## Provided entries
_ _ _ _

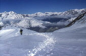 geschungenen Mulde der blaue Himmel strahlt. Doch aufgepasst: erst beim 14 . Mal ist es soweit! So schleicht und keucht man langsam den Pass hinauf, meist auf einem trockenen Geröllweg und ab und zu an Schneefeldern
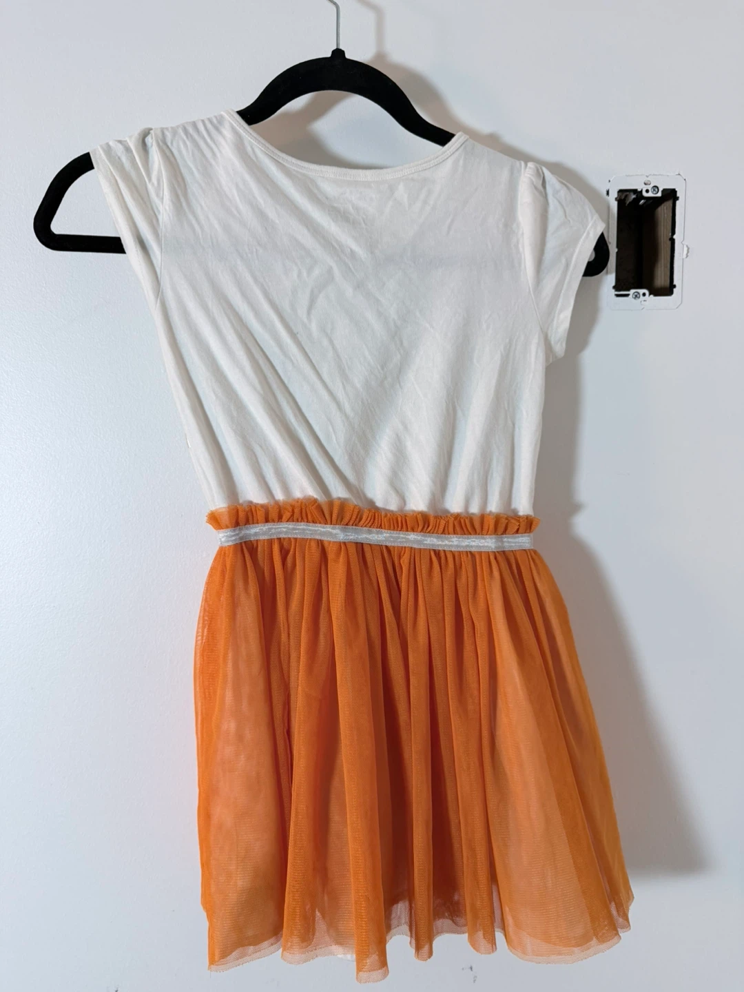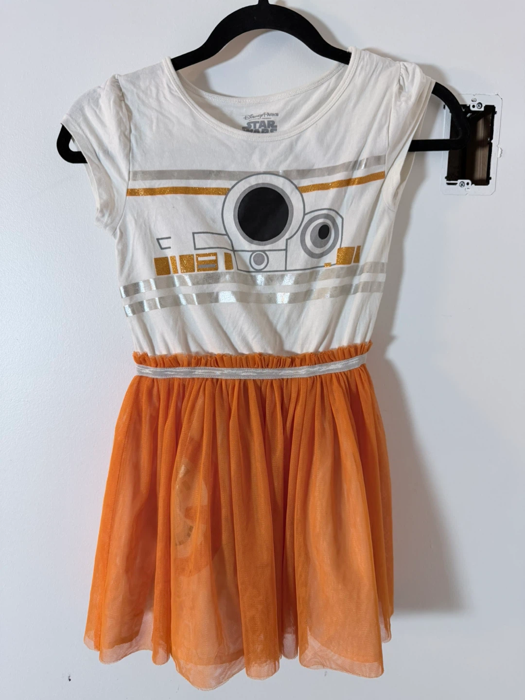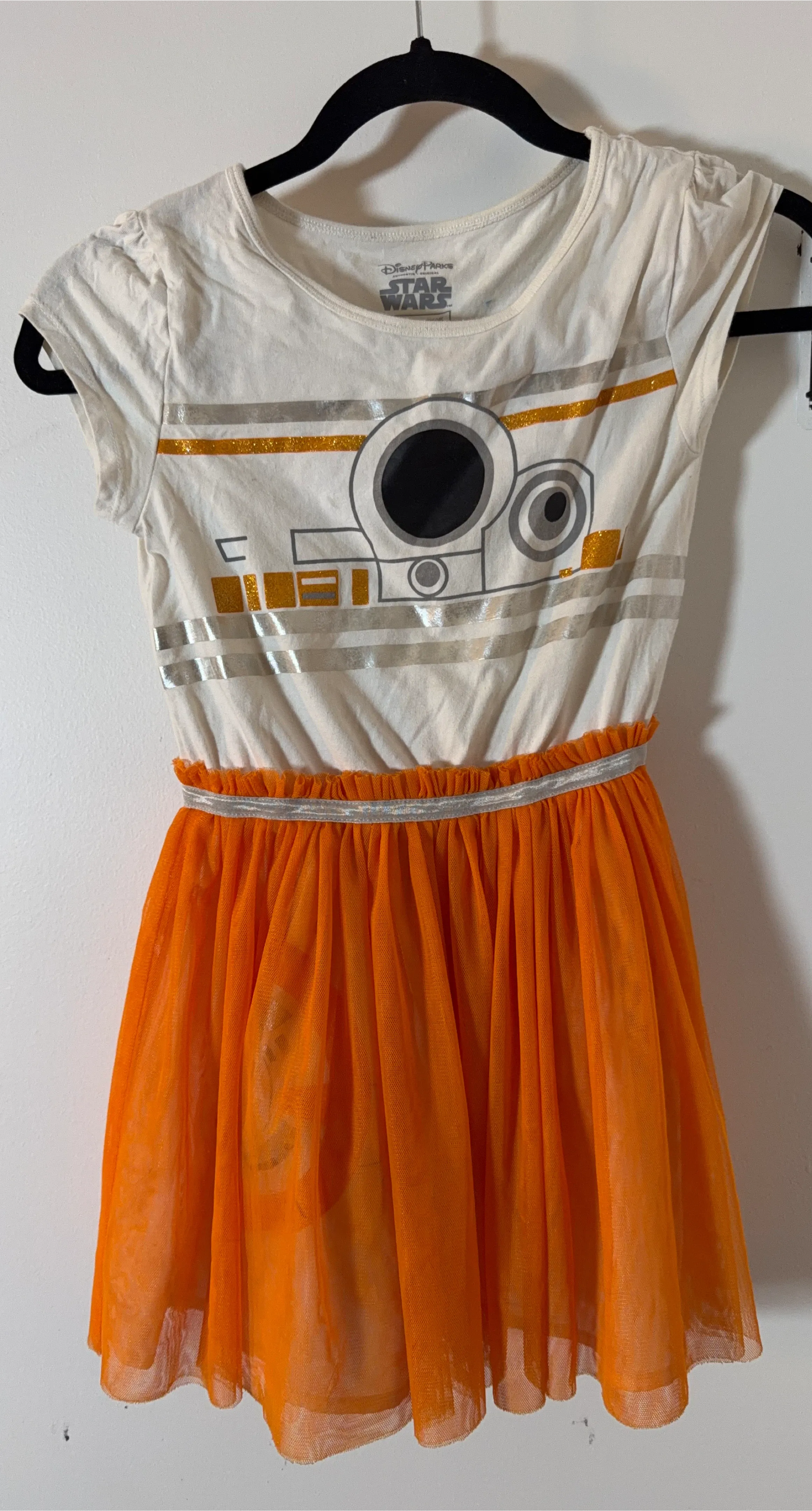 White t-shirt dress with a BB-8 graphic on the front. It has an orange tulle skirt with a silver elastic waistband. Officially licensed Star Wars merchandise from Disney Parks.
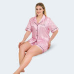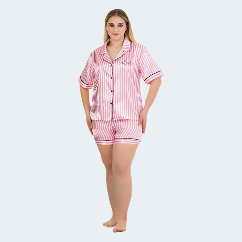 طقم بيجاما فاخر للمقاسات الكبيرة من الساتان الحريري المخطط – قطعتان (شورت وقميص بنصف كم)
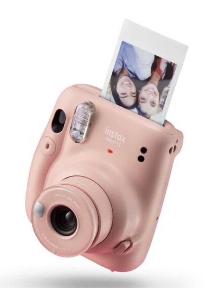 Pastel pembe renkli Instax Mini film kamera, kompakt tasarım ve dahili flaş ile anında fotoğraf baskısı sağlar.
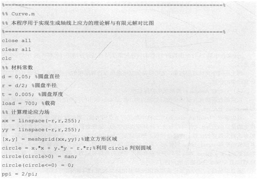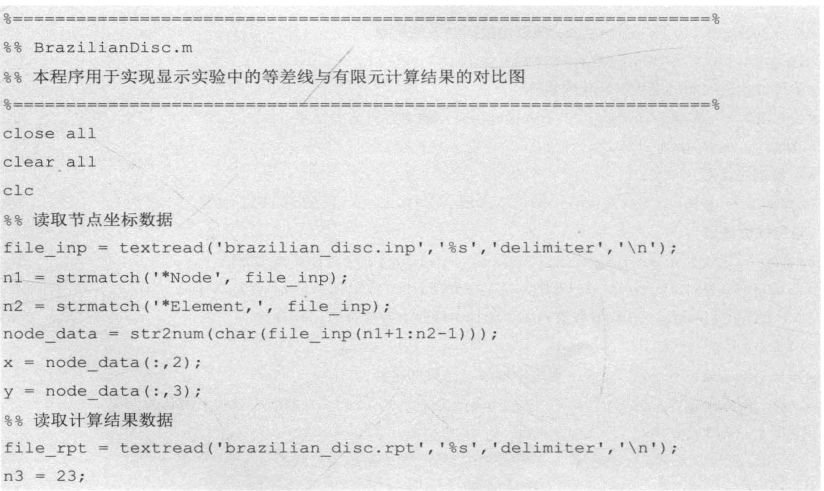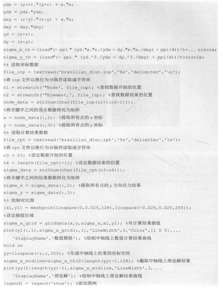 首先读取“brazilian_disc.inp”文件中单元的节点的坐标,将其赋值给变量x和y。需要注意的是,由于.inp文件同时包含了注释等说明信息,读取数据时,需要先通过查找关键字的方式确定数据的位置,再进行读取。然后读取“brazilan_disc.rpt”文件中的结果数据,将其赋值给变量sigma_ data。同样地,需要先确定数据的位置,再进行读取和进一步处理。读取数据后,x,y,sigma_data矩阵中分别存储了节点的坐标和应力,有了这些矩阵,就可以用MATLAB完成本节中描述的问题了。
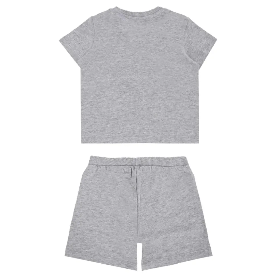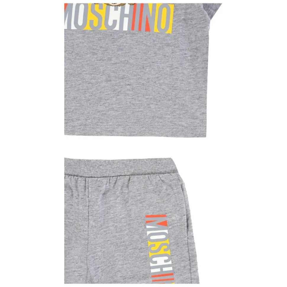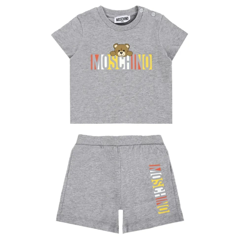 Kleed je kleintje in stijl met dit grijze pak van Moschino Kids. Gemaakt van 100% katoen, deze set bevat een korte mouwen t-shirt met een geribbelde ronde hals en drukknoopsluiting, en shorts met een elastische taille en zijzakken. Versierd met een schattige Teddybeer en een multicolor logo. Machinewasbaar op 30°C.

_ _ _ _

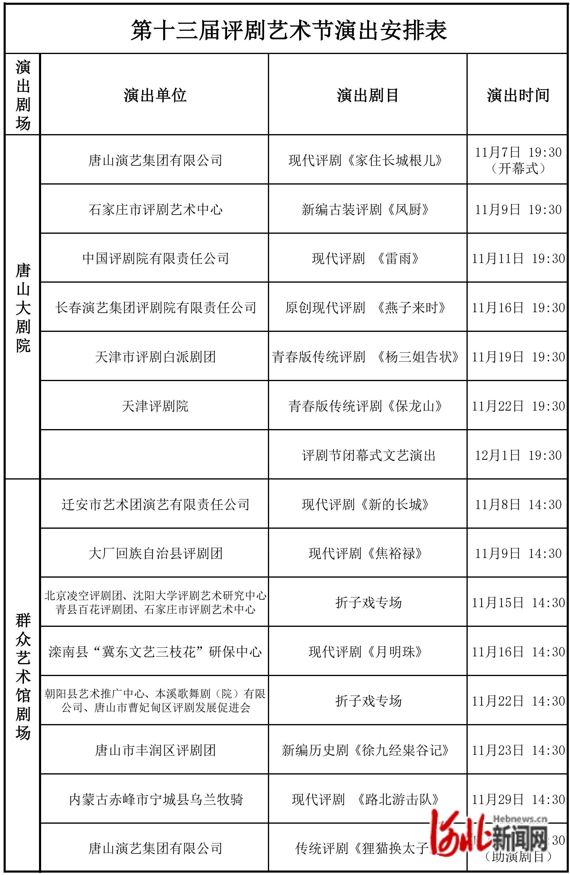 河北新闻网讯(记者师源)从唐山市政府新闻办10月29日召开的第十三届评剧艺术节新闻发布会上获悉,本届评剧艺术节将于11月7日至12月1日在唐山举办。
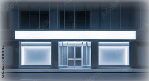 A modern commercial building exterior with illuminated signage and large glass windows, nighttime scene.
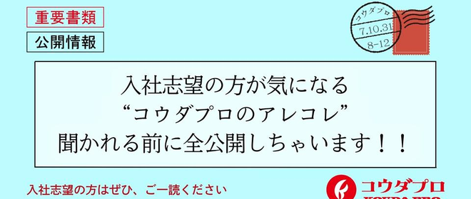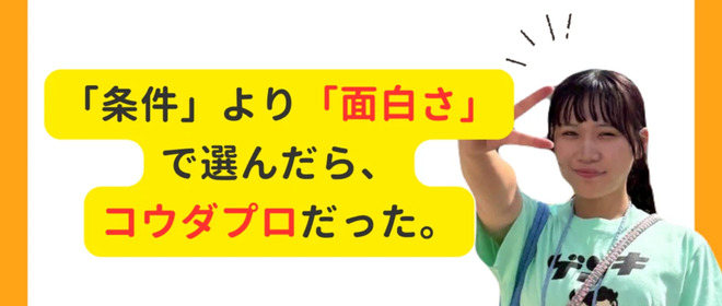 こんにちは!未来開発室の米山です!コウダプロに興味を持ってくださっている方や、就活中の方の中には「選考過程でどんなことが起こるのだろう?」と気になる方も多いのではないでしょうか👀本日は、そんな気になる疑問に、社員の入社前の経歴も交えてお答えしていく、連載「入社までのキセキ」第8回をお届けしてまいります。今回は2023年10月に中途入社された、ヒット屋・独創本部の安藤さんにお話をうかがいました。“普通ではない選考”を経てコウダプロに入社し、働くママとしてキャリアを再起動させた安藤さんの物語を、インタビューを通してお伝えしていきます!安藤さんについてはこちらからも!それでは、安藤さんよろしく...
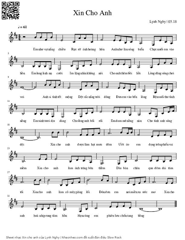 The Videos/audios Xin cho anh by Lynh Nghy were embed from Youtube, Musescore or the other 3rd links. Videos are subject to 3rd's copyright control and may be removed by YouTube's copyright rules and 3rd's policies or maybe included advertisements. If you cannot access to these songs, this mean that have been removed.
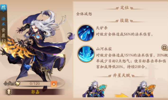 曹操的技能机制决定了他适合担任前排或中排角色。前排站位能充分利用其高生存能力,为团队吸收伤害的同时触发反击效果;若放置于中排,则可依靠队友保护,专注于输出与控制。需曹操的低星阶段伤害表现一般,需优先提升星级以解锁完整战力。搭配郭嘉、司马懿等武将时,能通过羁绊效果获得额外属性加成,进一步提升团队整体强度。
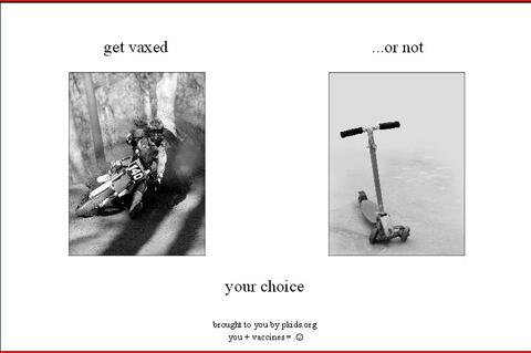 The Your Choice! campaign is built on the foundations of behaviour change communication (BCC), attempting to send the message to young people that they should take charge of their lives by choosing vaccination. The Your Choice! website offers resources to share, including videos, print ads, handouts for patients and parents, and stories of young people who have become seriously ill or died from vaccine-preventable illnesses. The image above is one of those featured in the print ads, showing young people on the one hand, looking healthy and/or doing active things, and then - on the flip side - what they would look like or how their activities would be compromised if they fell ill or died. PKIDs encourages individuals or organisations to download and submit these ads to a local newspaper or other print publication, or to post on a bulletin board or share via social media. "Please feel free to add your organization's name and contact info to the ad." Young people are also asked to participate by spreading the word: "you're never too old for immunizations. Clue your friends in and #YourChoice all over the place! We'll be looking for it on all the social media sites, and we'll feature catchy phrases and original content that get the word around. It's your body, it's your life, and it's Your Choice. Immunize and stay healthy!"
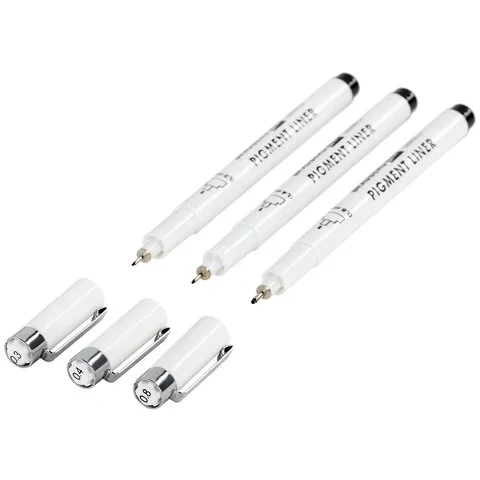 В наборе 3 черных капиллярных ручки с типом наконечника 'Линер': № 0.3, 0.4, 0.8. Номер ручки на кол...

_ _ _ _

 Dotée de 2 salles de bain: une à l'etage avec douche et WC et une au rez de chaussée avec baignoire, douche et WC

_ _ _ _

Set down exactly the lines above, from the line containing "The Videos/audios Xin" through the line containing "曹操的技能机制决定了他适合担". Skip the pictures.

 The Videos/audios Xin cho anh by Lynh Nghy were embed from Youtube, Musescore or the other 3rd links. Videos are subject to 3rd's copyright control and may be removed by YouTube's copyright rules and 3rd's policies or maybe included advertisements. If you cannot access to these songs, this mean that have been removed.
 曹操的技能机制决定了他适合担任前排或中排角色。前排站位能充分利用其高生存能力,为团队吸收伤害的同时触发反击效果;若放置于中排,则可依靠队友保护,专注于输出与控制。需曹操的低星阶段伤害表现一般,需优先提升星级以解锁完整战力。搭配郭嘉、司马懿等武将时,能通过羁绊效果获得额外属性加成,进一步提升团队整体强度。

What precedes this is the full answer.